Taste is made of a host of distastes.
*
Critics at large.
Scene: an exhibition of painting. A picture with two men in front of it.
One of them, leaning on the rail, is talking, explaining, raising his voice. The other says nothing. His air of bland politeness suggests that his thoughts are elsewhere. He lends his ear, but not his mind.

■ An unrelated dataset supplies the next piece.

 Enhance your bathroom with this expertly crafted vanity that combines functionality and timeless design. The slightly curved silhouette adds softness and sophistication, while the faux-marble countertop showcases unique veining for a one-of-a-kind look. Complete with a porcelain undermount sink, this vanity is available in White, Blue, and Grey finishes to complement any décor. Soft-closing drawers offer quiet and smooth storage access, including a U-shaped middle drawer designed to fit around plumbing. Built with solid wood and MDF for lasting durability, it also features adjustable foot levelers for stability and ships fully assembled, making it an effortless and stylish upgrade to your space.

He is in the Park, at the Stock Exchange, or visiting some lady friend; one couldn't be further away with so much tact and physical proximity.

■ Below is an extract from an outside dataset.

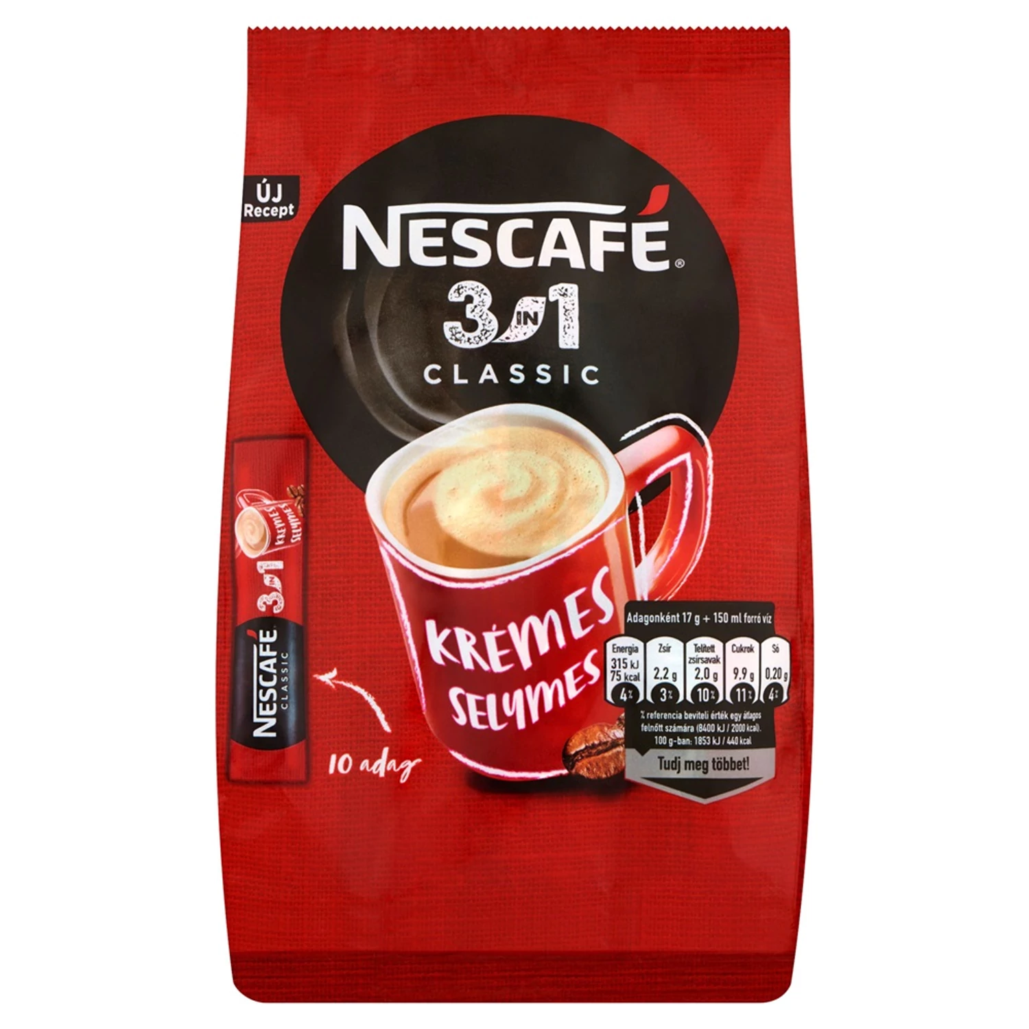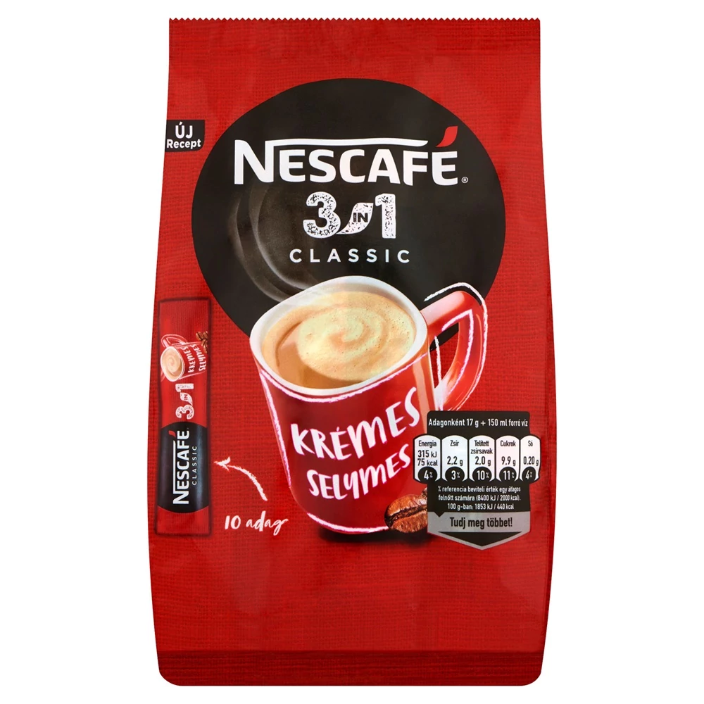 Azonnal oldódó kávéspecialitás Megújult csomagolóanyag Újrahasznosíthatóságra tervezve** Élvezd otthon, munkában, vagy akár a barátaiddal a jól ismert Nescafé 3in1 Classicot, melynek minden egyes csészéje krémes és selymes ízélményt nyújt! **A Nescafé csomagolások újrahasznosíthatóságával kapcsolatos további részletek elérhetőek a www.nescafé.hu weboldalon. Cup of Respect Egy csésze megbecsülés A Nescafé® 2010 óta világszerte már több, mint 235 millió kávépalántát juttatott el farmereknek azzal a céllal, hogy fejlessze a kávétermesztés fenntarthatóságát és a felhasznált kávébabok minőségét. Katalóguskód: 47367 Hiteles tájékoztatás: Elkötelezettek vagyunk termékeink biztonságának garantálásáért, nyomon követjük a termékbiztonsággal kapcsolatos valamennyi európai uniós és hazai szabályozást és biztosítjuk termékeink azoknak történő megfelelését. Az EU 2023/988-as számú Általános Termékbiztonsági Rendeletét (GPSR) is alkalmazzuk, így ha a termékeink biztonságát illetően fogyasztóként kérdése, észrevétele van, vagy esetleg balesetről van tudomása, kérjük, írja meg nekünk.

Two paces behind them, a man who looks like an artist is watching me; his eyes convey all his scorn for these boom­ing explanations, audible some distance off.

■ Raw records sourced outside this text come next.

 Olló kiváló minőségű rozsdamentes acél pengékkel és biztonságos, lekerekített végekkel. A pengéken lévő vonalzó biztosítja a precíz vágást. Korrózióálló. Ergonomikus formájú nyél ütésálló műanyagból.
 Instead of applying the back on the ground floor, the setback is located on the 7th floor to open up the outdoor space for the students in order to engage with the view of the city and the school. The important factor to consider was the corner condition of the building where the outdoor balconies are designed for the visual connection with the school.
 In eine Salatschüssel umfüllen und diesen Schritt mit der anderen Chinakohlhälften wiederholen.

As for me, posted in the foreground of this little scene, observing simultaneously the picture, the two friends, and the painter behind them, able to hear all the talker says and read the look in the eyes of the man who's sizing him up— I feel I contain them all and so possess a consciousness of a higher order, a supreme jurisdiction; I can bless or sentence everybody, misereor super turbam. . . .

But soon another thought dislodges me from this god­ like eminence whence I have been surveying the strata of opinions. I feel only too well that chance has placed me here; so in the end I don't know what to think . . . and nothing gives more food for thought.
*
Nothing is more "original," nothing more "oneself" than to feed on others. But one has to digest them. A lion is made of assimilated sheep.
*
The fear of being laughed at, and the dread of being dull; of having people point at you, and of passing unnoticed— parallel abysses.
*
Novelty. The cult of novelty.
The new is one of those poisonous stimulants which end up by becoming more necessary than any food; drugs which, once they get a hold on us, need to be taken in progressively larger doses until they are fatal, though we'd die without them.

It's a curious habit, growing thus attached to that perish­able part of things in which, precisely, their novelty consists.

But it is surely obvious that these upstart ideas need to be given a certain air of nobility; that they should seem not the fruit of haste but gradually matured; not unusual, but ideas that have existed for ages; not made and found this morning, but merely forgotten and retrieved.
*
An exclusive penchant for what is new and merely new points to a degeneration of the critical faculty, for nothing is easier than to gauge the "novelty" of a work.
*
(...)
You set out to make a certain book?
"Well," I ask, "have you made it? What were you aiming at?
"Were you aspiring to scale the heights or to gain material rewards: pecuniary success or a feather in your cap? Or perhaps you had a less obvious purpose; perhaps you wished to appeal only to a few of your acquaintances, or even to a single one whom you hoped to 'get at' by the detour of a published work?
"Whom did you want to entertain? Whom did you want to beguile, to rival, to madden with envy; whose mind to preoccupy, and whose nights to haunt? Tell me, gentle Author, was it Mammon, Demos, Caesar, or maybe God, whom you were serving? Venus, perhaps—and perhaps a little of all five together.
"So now let's see how you went about it. . . ."
*
(...)
But there are men whose hearing, healthy though it is, fails to distinguish sounds from noises.
*
What is most "human." Some think that the duration of works depends on their "humanness," their endeavor to be true to life.
Yet what could be more enduring than certain works of fantasy?
The untrue and the wonderful are more human than the "real" man.
*
Nearly all the books I prize, and absolutely all that have been of any use to me, are books that don't make easy reading.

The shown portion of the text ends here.